Complicating matters for the challengers, the Justice Department’s Civil Rights Division filed an amicus brief arguing the district court ignored the new precedent set by Callais and misapplied Section 2. Assistant Attorney General Harmeet Dhillon and Solicitor General John Sauer criticized the district court for treating Alabama’s partisan goals as racial intent and for failing to disentangle race and politics as the Supreme Court requires. Their brief presses that courts must presume legislative good faith and avoid ordering race-based districts the state would not have drawn on neutral principles.
“Callais,” Bowdre continued, “vindicates Alabama’s position on the lawfulness of the 2023 Plan, yet the district court decided in one week that Callais changed nothing.” The district court, Bowdre stressed, did not require the challengers to offer alternative maps that would achieve Alabama’s goals while still maintaining two majority-Black districts, as the Supreme Court suggested it should have, and “[i]t did not matter to the district court that drawing an additional race-based district came at the cost of sacrificing communities of interest and pairing incumbents.”
“Worse,” Bowdre concluded, the district court’s conclusion that the state intentionally violated the Constitution rests on the idea “that Alabama intentionally discriminated by refusing to intentionally discriminate.”

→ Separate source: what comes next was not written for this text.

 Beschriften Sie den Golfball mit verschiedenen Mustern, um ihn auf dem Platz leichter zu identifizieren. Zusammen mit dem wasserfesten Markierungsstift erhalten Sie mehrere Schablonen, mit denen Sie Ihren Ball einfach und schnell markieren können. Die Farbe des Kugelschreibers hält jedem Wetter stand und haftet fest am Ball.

The DOJ amicus is blunt in its critique. It says the district court reinstated pre-Callais reasoning and again held Alabama engaged in intentional discrimination without properly accounting for partisan motives and communities of interest. The brief warns that lower courts are repeating errors the Supreme Court sought to correct, including failing to require challengers to control for party affiliation when analyzing racial voting patterns. That legal framework matters when federal judges intrude on state districting choices close to elections.

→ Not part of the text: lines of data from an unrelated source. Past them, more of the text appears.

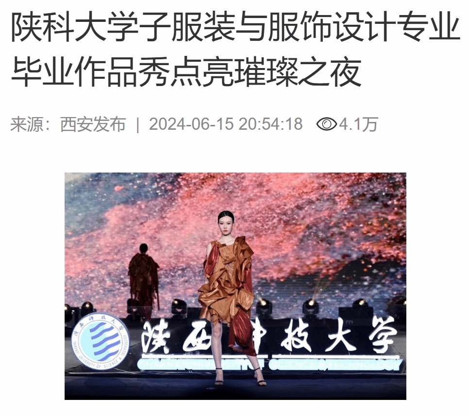 西安發(fā)布:陜科大學(xué)子服裝與服飾設(shè)計(jì)專業(yè)畢業(yè)作品秀點(diǎn)亮璀璨之夜
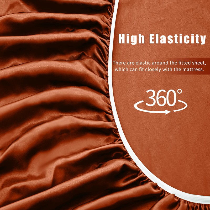 - 100 Percent Polyester Satin Bed Sheets: Luxury satin sheets are made of high-quality 100 percent Polyester (Satin Fabric). Silky satin sheets has a smooth touch like pure silk with charming and shiny colors, it helps protect skin and reduce facial wrinkles. Satin fabric is soft and breathable, which can relieve your daytime fatigue and bring you quality sleep.
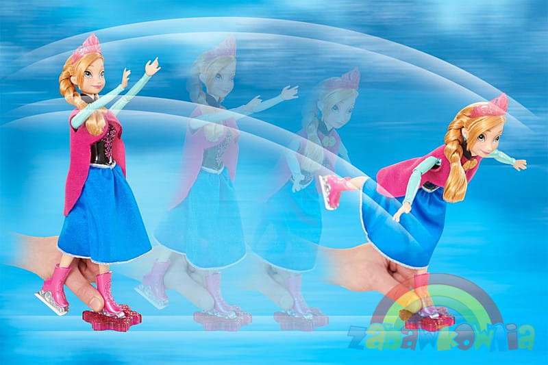 Piękna lalka Anna z filmu "Kraina Lodu" która w pięknych pozach sunie po lodzie. Przesuń lalkę do przodu a zobaczysz jak samodzielnie przyjmuje figurę łyżwiarki.
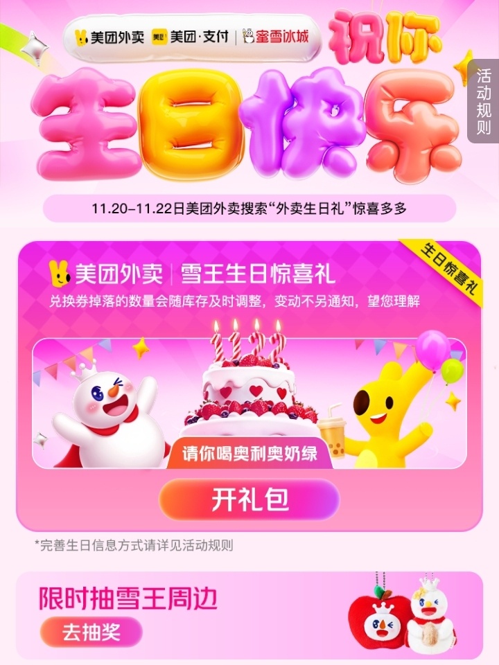 美團搜索🔎“外賣生日禮”【開禮包+抽周邊】

On remand, however, the district court promptly reinstated its pre-Callais injunction largely based on its pre-Callais reasoning. The court held that Alabama had engaged in intentional discrimination by declining to draw a second black opportunity district that the court had earlier suggested was a required remedy for a Section 2 violation. And the court again held that Alabama had violated Section 2. Those holdings were wrong even before Callais and are indefensible after it.
With respect to intentional discrimination, the district court paid only lip service to its obligations to “disentangle race and politics” and to begin “with a presumption that the legislature acted in good faith.” Alexander v. South Carolina State Conference of the NAACP, 602 U.S. 1, 6 (2024). The court disregarded Alabama’s indisputably partisan aims when the 2026 legislature chose to use the 2023 map for the upcoming midterms and when the 2023 legislature pursued incumbency protection.

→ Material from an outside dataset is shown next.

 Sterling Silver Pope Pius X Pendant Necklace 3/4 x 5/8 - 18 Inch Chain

https://x.com/scotus_wire/status/2059727097078116786
From a conservative perspective, the bigger worry is institutional: federal judges second-guessing legislatures on razor-thin timing and substituting their own policy preferences for elected officials. The DOJ brief underscores that federal courts should be especially cautious when rulings disrupt election administration and when the supposed remedies amount to ordering race-conscious maps the state never would have adopted. The high court now faces a choice about how strictly to enforce the new limits of Callais and whether to protect state discretion in partisan districting on the eve of voting.